Representations, along with mental states, especially beliefs and thought, are said to exhibit ‘intentionality’ in that they refer to stand for something or other than of what is the possibility of it being something else. The nature of this special property, however, has seemed puling. Not only is intentionality oftentimes assumed to be limited to humans, and possibly a few other species, but the property itself appears to resist characterization in physicalist terms. The problem is most obvious in the case of ‘arbitrary’ signs, like words, where it is clear that there is no connection between the physical properties of a word and what it demotes, and, yet it remains for Iconic representation.

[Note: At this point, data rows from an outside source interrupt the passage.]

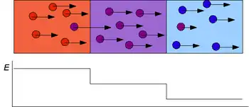 ITP is a displacement method: focusing ions of a certain kind displace other ions. If present in sufficient amounts, focusing analyte ions can displace all electrolyte co-ions, reaching a plateau concentration. Multiple analytes with sufficiently different ionic mobilities will form multiple plateau zones. Indeed, plateau mode ITP separations are readily recognized by stairlike profiles, each plateau of the stair representing an electrolyte or analyte zone having (from LE to TE) increasing electric fields and decreasing conductivities. In peak mode ITP, analytes amounts are insufficient to reach plateau concentrations, such analytes will focus in sharp Gaussian-like peaks. In peak mode ITP, analyte peaks will strongly overlap, unless so-called spacer compounds are added with intermediate ionic mobilities between those of the analytes; such spacer compounds are able to segregate adjacent analyte zones.[1]
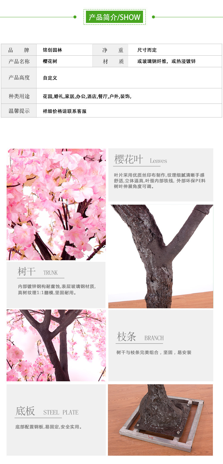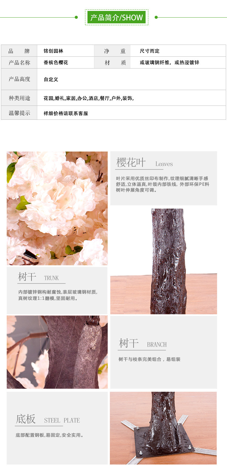 | color | Cerezo en flor de 1,4 metros.,Flores de cerezo colgantes pesadas de 2,1 metros,Flores de cerezo champán de 2,6 metros.,Cerezo de 3,5 m |
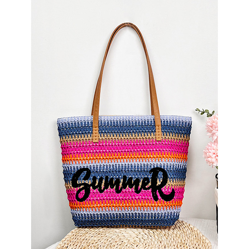 Women's Colorful Summer Tote Bag with Summer Print - Stylish Crochet Beach Tote Bag for Vacation and Poolside
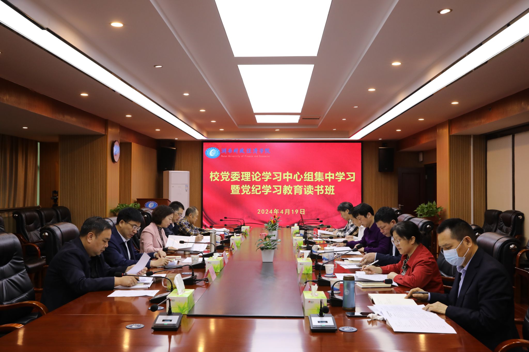 (本网讯)4月19日,校党委理论学习中心组开展集中学习研讨暨党纪学习教育读书班集中学习,全面领会《中国共产党纪律处分条例》的内涵要义和实践要求,切实把思想和行动统一到党中央决策部署上来。校党委书记杨兰英主持并作总结讲话,全体在家校领导、校纪委委员参加学习。活动现场党委委员、副校长郭国强领学习近平总书记关于党的纪律建设的重要论述、习近平总书记关于党纪学习教育的重要讲话和指示精神、《中国共产党纪律处分条例》...
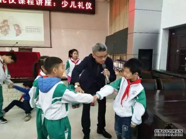 李旸老师由胡昀和相关学校负责人陪同,前往荆门市实验小学,进行少儿礼仪讲座。

Early attempts tried to establish the link between sign and object via the mental states of the sign and symbol’s user. A symbol # stands for ✺ for ‘S’ if it triggers a ✺-idea in ‘S’. On one account, the reference of # is the ✺idea itself. Open the major account, the denomination of # is whatever the ✺-idea denotes. The first account is problematic in that it fails to explain the link between symbols and the world. The second is problematic in that it just shifts the puzzle inward. For example, if the word ‘table’ triggers the image ‘‒’ or ‘TABLE’ what gives this mental picture or word any reference of all, let alone the denotation normally associated with the word ‘table’?

An alternative to these Mentalistic theories has been to adopt a behaviouristic analysis. Wherefore, this account # denotes ✺ for ‘S’ is explained similar to either (1) ‘S’ is disposed to behave to # as to ✺: , or (2) ‘S’ is disposed to behave in ways appropriate to ✺ when presented #. Both versions prove faulty in that the very notions of the behaviour associated with or appropriate to ✺ are obscure. In addition, once seems to be no reasonable correlations between behaviour toward sign and behaviour toward their objects that is capable of accounting for the referential relations.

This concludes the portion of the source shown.